MATERIAL PROVIDED -

⟨

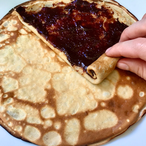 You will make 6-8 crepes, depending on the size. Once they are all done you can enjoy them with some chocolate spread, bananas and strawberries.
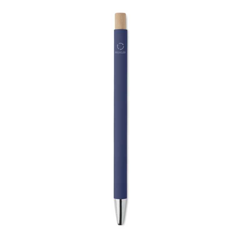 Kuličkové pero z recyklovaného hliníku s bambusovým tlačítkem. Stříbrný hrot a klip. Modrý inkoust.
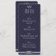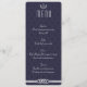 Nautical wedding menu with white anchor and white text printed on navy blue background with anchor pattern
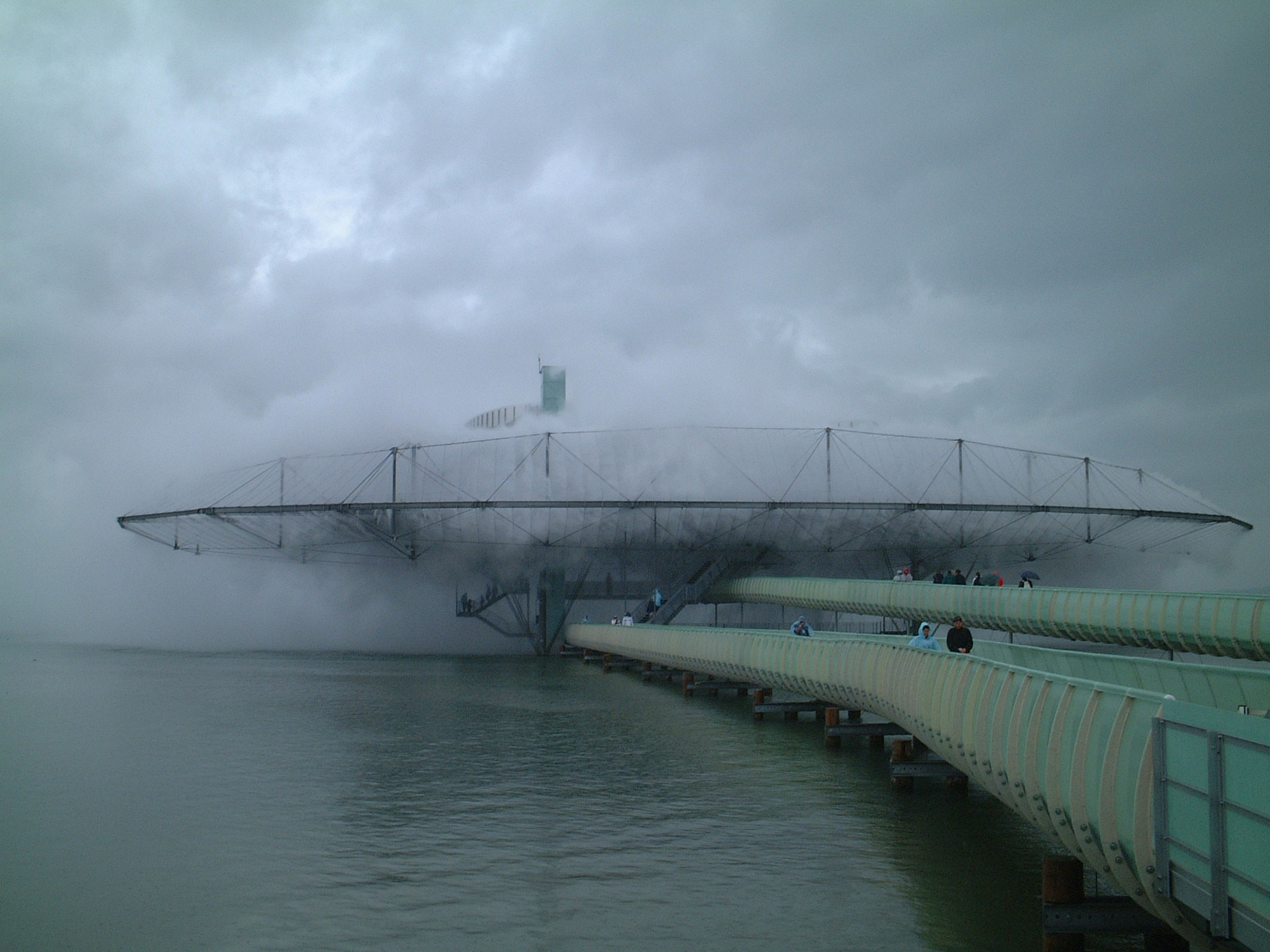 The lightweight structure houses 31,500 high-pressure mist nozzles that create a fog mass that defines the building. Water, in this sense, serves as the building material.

⟩

Transcribe the listing above verbatim. Omit the pictures.

ANSWER BOX -
 You will make 6-8 crepes, depending on the size. Once they are all done you can enjoy them with some chocolate spread, bananas and strawberries.
 Kuličkové pero z recyklovaného hliníku s bambusovým tlačítkem. Stříbrný hrot a klip. Modrý inkoust.
 Nautical wedding menu with white anchor and white text printed on navy blue background with anchor pattern
 The lightweight structure houses 31,500 high-pressure mist nozzles that create a fog mass that defines the building. Water, in this sense, serves as the building material.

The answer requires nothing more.